A estrutura imposta, pois não cabe outro papel a qualquer um, apenas os descritos, é exatamente o elemento determinante para a cena ser compreendida por performance, como se nomeia, ou performance cênica. O diretor de teatro Renato Cohen, referência maior no entendimento da performance no Brasil, ao construir as primeiras literaturas que trataram das intersecções e particularidades entre performance e teatro, décadas atrás, problematizava a eficiência de ambas as linguagens quando confrontadas. Ao invés do simplório determinismo sobre qual ser o quê, Cohen explorava a dinâmica esquecida por muitos nos vazios deixados em cada limite. Para ele, a ação performática se valida na plenitude do destrinchamento da ambiência cênica, enquanto o teatro amplia a presença subjetiva do espectador ao nível do existir performativo. em tradução por minhas palavras. Em O Narrador, Liberano constrói com eficiência a ambiência e a participação performativa propostas por Cohen. E por novos caminhos. O que configura a performance é a potência com que criação e realidade convivem ao mesmo instante, sem necessitarem de separações. Essa imprecisão, ao ser propositiva, explode a teatralidade presente fazendo da cena um exercício ao encontro.
Bastam poucos minutos para percebermos esse convite. Pensar, então, sua estrutura após o vivido é partir pelo labirinto das compreensões desviadas por sensações a vir. E são fortes, dadas suas intimidades. Cartas, e-mails, poemas, contos e outros instrumentos pelos quais a palavra é suporte de exposição ao intelocutor, são apresentados em forma de leitura. Trazem lembranças e sensações de histórias que se remetem à morte. De alguém. De mais outro.

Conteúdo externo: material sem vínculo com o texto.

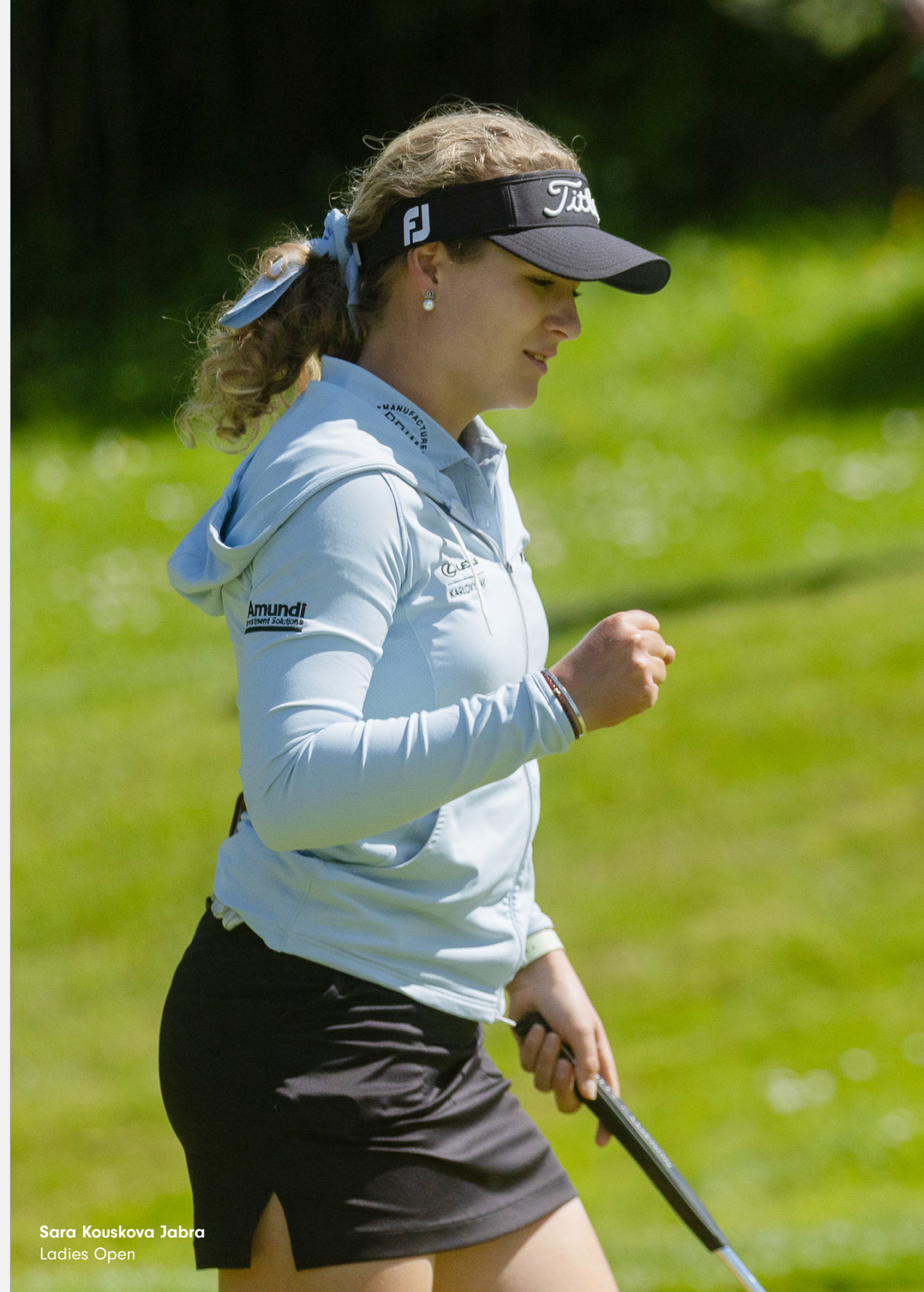
Sara Kouskova Jabra Ladies Open
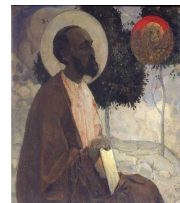
St. Mark the Apostle by Mikhail Nesterov

Third quarter giving statements have been mailed. Please let the church office know of any corrections. Thank you.
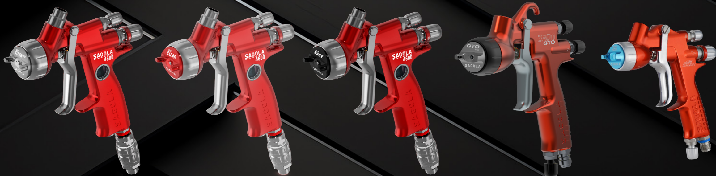
DVR CLEAR PRO SAGOLA 4600

Parente, amiga... Não se trata de abordar a solidão, saudade, culpa, e sim da morte como instrumento do esfacelamento do homem como existir narrativo no mundo. Liberano se apropria, então, das próprias experiências para com elas chegar mais próximo ao reconhecimento da morte da narrativa proposta por Walter Benjamim.
Em O Narrador - considerações sobre a obra de Nikolai Leskov (1936), o pensador alemão aponta no século XIX o instante em que as instituições higiênicas e sociais provocaram uma alteração definitiva sobre a percepção da morte, tendo como efeito colateral permitir aos homens evitarem o espetáculo da morte. Entendeu Benjamin ocorrer aí o instante de extinção da narrativa, pois esta se originaria pela percepção ao homem da vida e morte, início e fim, por sua completude. Ao se deslocar ao desconhecimento do fim, perdeu-se a dimensão linear que configuraria o viver como um estado possível do gesto narrativo, de narração. Mais à frente, utilizou-se da mudez dos combatentes da Primeira Guerra Mundial para chegar ao argumento da extinção do narrar. Já na modernidade, explica, o gesto de contar histórias se esvai, sobretudo com o fim do lado épico da verdade, tendo como maiores exemplos o romance, incapaz de continuar a tradição oral, valendo-se do isolamento do indivíduo, e a informação, por sua necessidade de verificação imediata, cujo valor existe apenas em sua novidade.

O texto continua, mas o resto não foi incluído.